### DIRECTIONS
No pictures go into the copy. Write out exactly the lines below from the one containing "白米じゃ地味かな?と思ってピラフを炊いたよ。" through the one containing "This scarf is".

### SOURCE DATA
▼

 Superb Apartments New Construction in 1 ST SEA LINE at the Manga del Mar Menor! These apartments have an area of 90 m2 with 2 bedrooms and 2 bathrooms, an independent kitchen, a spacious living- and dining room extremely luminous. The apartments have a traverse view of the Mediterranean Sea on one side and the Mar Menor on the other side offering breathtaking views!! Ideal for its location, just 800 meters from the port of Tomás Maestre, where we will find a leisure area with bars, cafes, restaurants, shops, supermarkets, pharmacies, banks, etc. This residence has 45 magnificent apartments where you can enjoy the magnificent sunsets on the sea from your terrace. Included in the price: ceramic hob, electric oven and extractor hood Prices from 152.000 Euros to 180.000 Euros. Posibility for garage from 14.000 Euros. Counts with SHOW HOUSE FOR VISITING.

▲
▼

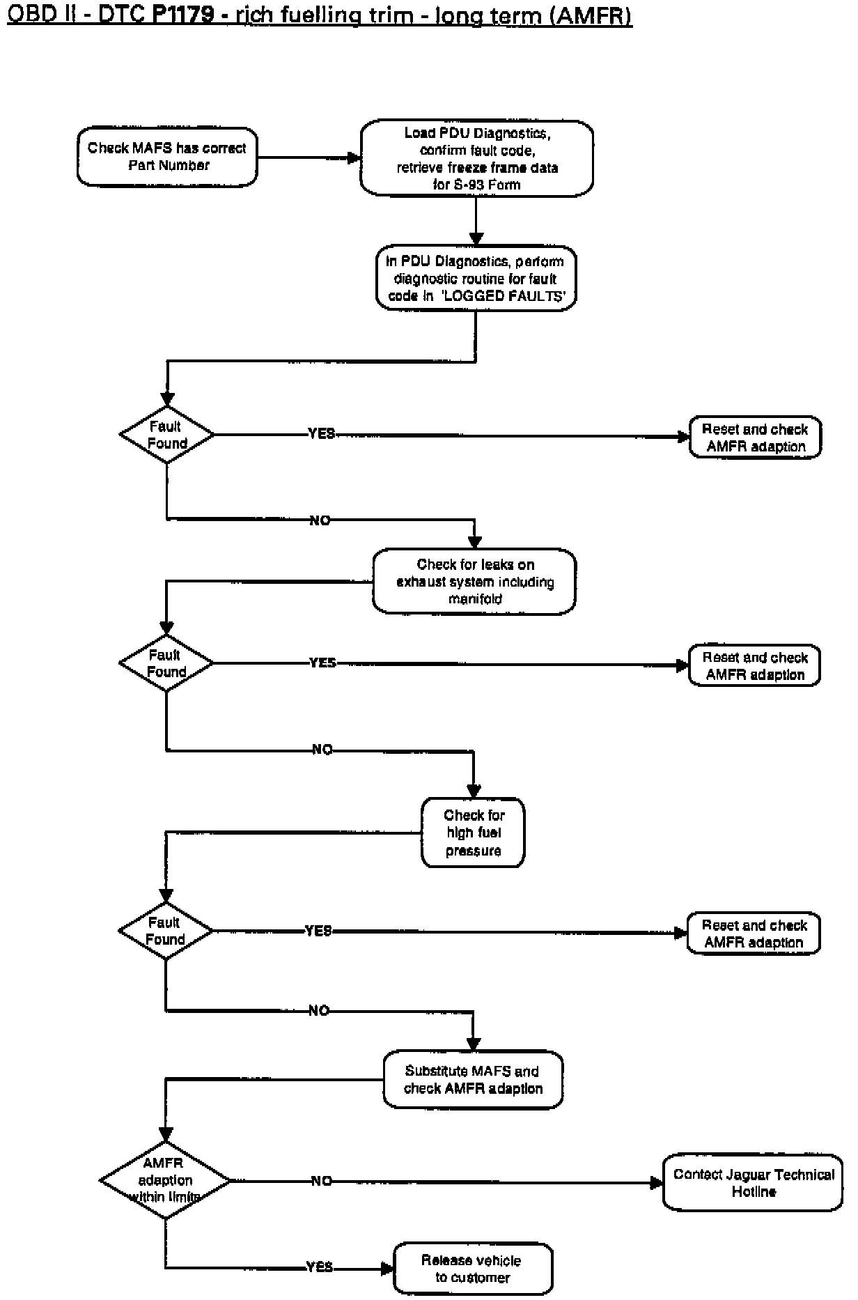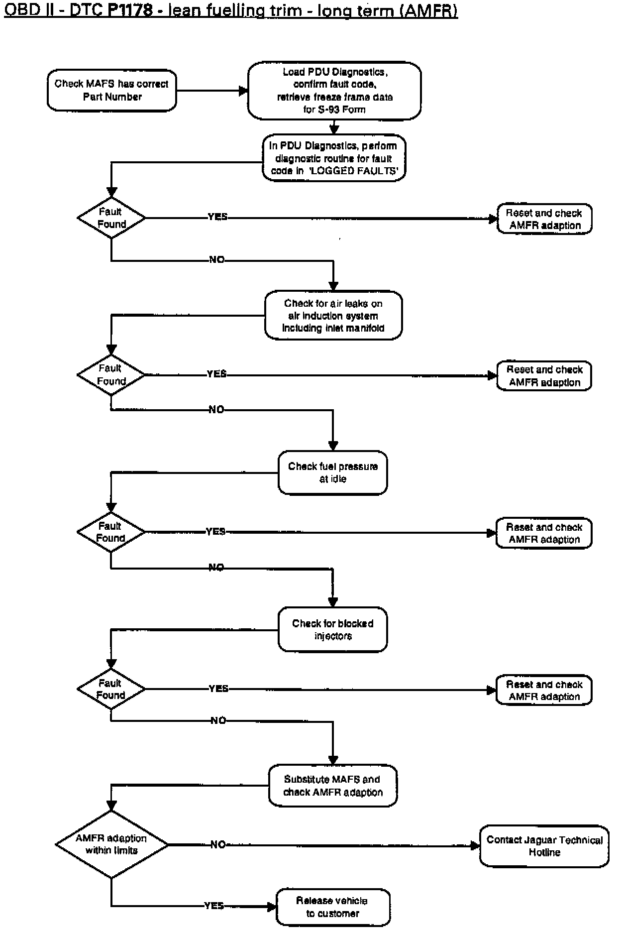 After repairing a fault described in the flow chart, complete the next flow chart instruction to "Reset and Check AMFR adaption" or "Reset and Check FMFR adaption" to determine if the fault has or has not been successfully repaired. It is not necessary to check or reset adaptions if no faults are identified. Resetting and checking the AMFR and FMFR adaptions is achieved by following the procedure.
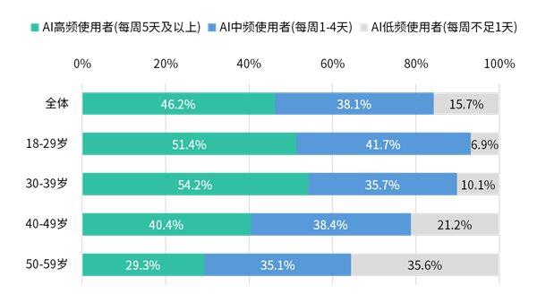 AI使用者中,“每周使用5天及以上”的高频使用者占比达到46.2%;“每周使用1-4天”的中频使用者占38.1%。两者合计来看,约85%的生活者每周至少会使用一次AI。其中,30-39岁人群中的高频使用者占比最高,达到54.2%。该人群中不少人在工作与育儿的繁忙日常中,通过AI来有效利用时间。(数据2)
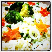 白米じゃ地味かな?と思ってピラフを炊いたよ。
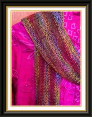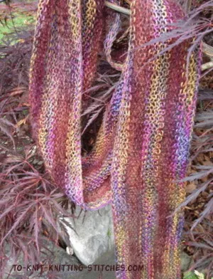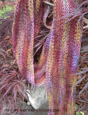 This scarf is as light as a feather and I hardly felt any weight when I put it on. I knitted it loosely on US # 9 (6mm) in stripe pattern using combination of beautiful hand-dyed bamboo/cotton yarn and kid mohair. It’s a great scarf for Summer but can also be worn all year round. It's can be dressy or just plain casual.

▲

### WRITTEN RESPONSE
 白米じゃ地味かな?と思ってピラフを炊いたよ。
 This scarf is as light as a feather and I hardly felt any weight when I put it on. I knitted it loosely on US # 9 (6mm) in stripe pattern using combination of beautiful hand-dyed bamboo/cotton yarn and kid mohair. It’s a great scarf for Summer but can also be worn all year round. It's can be dressy or just plain casual.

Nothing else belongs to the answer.